Crawl-Walk-Run Automation Gating
Roll out agent autonomy in three explicit tiers — suggest only → act on internal staff → act on external customers — with measurable gates between each.
Intent & Description
🎯 Intent
Roll an agent out in three explicit autonomy tiers with measurable gates between them — Crawl (suggests only), Walk (acts on internal staff), Run (acts on external customers).
📋 Context
You’ve built an agent that could plausibly act autonomously on customer-facing actions — replying to tickets, issuing refunds, modifying production resources. The blast radius of a bad action ranges from a confused colleague to a regulatory incident. Stakeholders want both fast deployment and confidence nothing irreversible happens before the agent is trusted.
💡 Solution
Tag every agent action with an autonomy tier. Crawl emits only suggestions; humans act. Walk executes on internal staff under their approval contract. Run acts directly on external customers. Each tier publishes a metric bar (acceptance rate, internal completion, customer outcome) and a minimum duration. Promotion requires clearing the bar; regression demotes.
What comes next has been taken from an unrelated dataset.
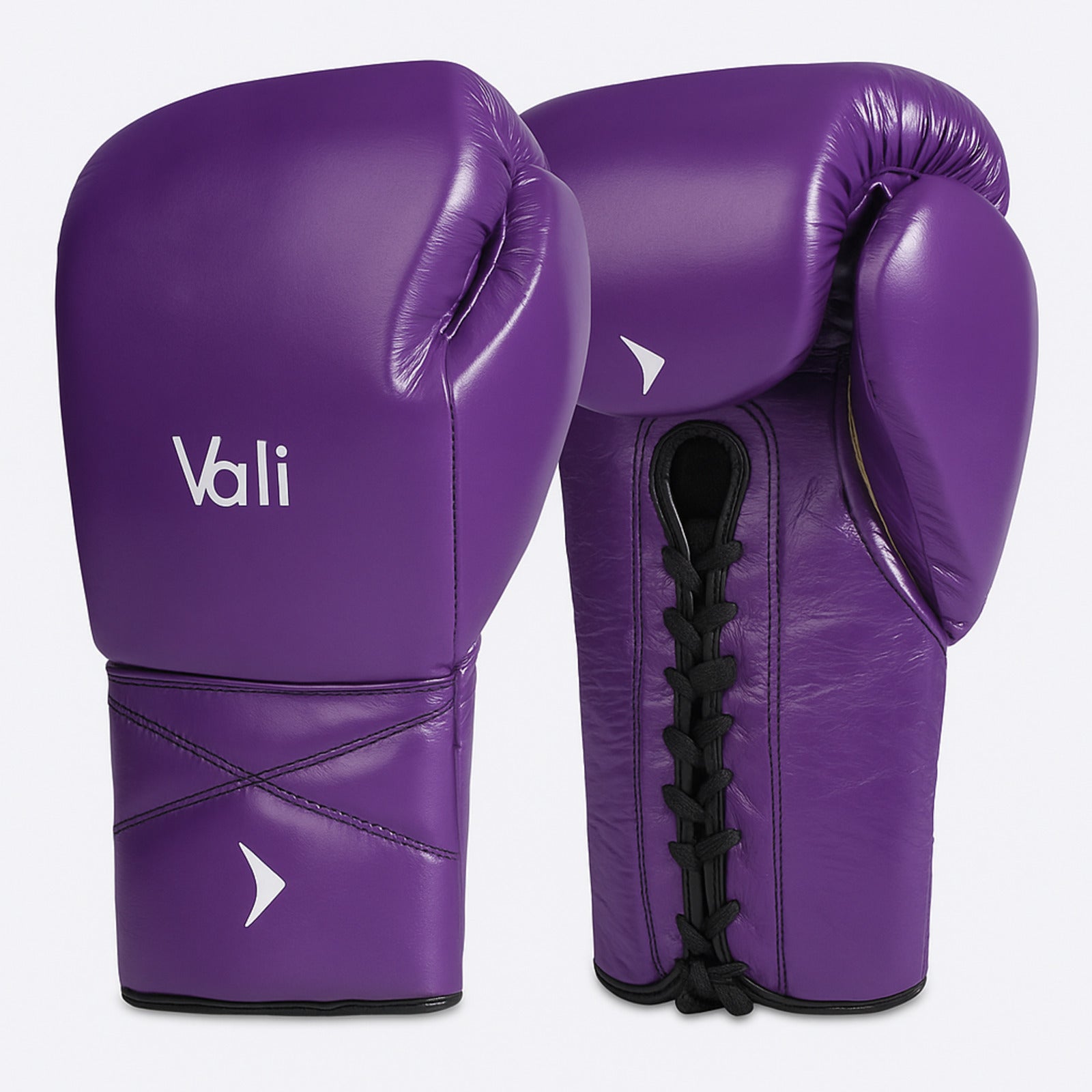 Lancer Leather Lace-Up Boxing Gloves For Pros Purple Front | Vali

Critically, tier is per-action-type, not per-agent — the same agent can be in Run on safe actions and Crawl on irreversible ones.
Real-world Use Case
- An agent will eventually act on external customers and the team needs an evidence-based ramp.
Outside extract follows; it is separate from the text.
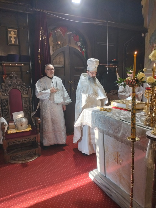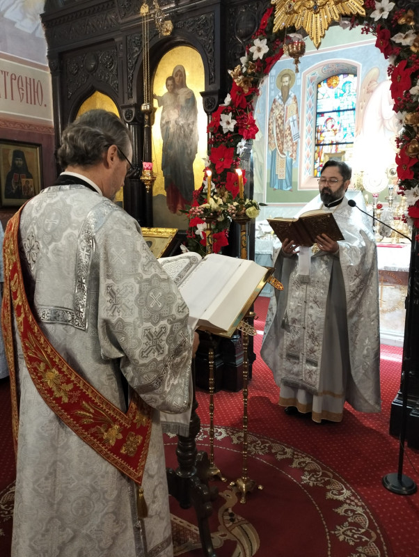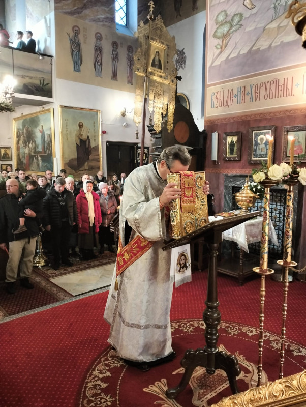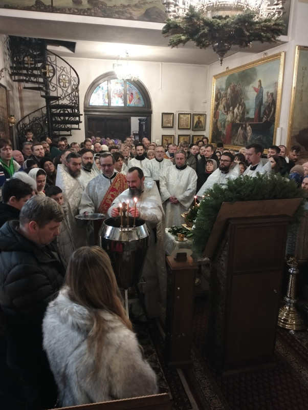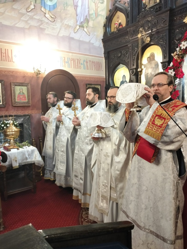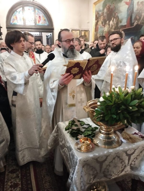 W naszej świątyni odbyły się w ten niedzielny poranek 3 Boskie Liturgie: o godz. 7.00, 8.30 oraz 10.00. Po głównej Liturgii wszyscy duchowni wyszli na środek cerkwi, aby dokonać obrzędu Wielkiego Poświęcenia Wody w święto Teofanii. Na zakończenie proboszcz parafii ks. Adam Misijuk, pozdrowił wszystkich zebranych oraz zachęcił, aby każdy zaczernął święconej wody i zaniósł radość święta do swych domostw.

- Different action types have very different blast radius.
- Stakeholders need a shared vocabulary for promotion and demotion decisions.
Source
📌 TL;DR
Never give an agent full autonomy on day one — gate promotion through Crawl → Walk → Run with hard metric bars, and demote gracefully when things go sideways.
Advantages
- Forces a measurement program before each autonomy step — no blind promotions.
- The same agent can ship at heterogeneous trust levels per action type.
- Demotion is legible — it’s a tier change, not a rollback.
Disadvantages
- Three tiers can be too coarse for some risk surfaces (consider an autonomy-slider variant for finer control).
- Promotion politics — stakeholders push past the gate when metrics are mixed.